2.     Creating big modules

The module in Tosca is the technical representation of a collection of controls from a screen.  While scanning the system under test (SUT) you will add controls in form of attributes to the module. However a website or form can have plenty of controls. If you add all of them to the module you may have difficulties finding the right control later on.

Try to find a logical separation of the existing controls into sections of the screen. For example you may have a top menu row which you can keep separately in one module.

Most of the time you may reuse modules with menu items for several screens, keeping them in one central module gives you better maintainability.

3.     Not treating your test steps maintainable

Creating test steps is easily done by dragging & dropping modules into the test case. You then fill up the test step values and you’re done, right? Not quite, it helps a lot if you also rename the created test steps using a descriptive name such as “Click on button xy”. This will help a lot to keep the test case readable and in long term more maintainable.

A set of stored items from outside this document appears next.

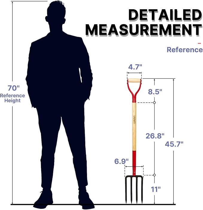 - 4. The pitch fork for mulching has an overall length of 45 inches and a weight of 4.5 lbs. It can be easily used by womenand elderly, Can be used as potato fork, pitch fork for gardening,pitch forks for barns, bedding fork,gardening fork etc.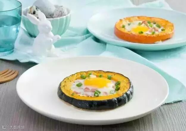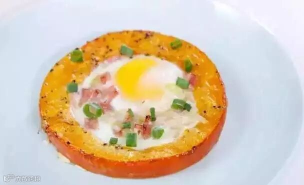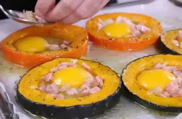 5. 取出烤盘,在南瓜圈上,打入鸡蛋,洒上火腿和洋葱,加盐和胡椒调味。再放入烤箱中烤10分钟。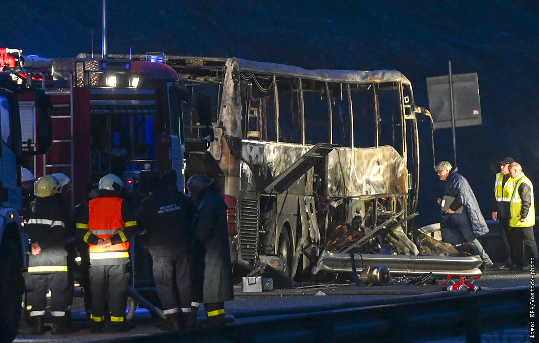 По меньшей мере 45 человек погибли в результате пожара автобуса на шоссе в Болгарии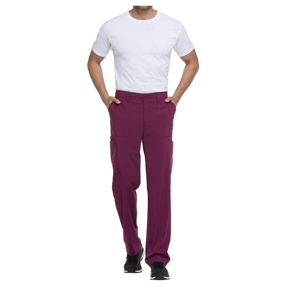 Men's work pants, masculine cut. Elastic waistband at the back with interior drawstring. Zippered fly with button closure. Five belt loops. Six pockets: two front patch pockets, two cargo pockets, two back pockets. Utility serge strip with instrument loop.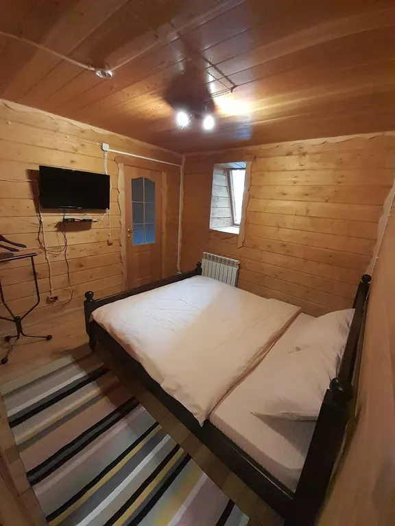 Спальня: большая двуспальная кровать, ТV-32 диагональ, вешалка-плечики.

Extra tip: Although you can assign multiple actions in one test step, it can help to create separate test steps per action. The test case stays more readable overall and having per test step actions keeps it more flexible for future workflow changes too.

a bad example of an unreadable test case
Doesn’t really look readable, or does it?

4.     Creating test cases without a verification

So you finished the whole workflow of the test case and everything is working fine. All seems fine, since you just wanted the workflow to run correctly. Therefore you don’t need any further verification, right?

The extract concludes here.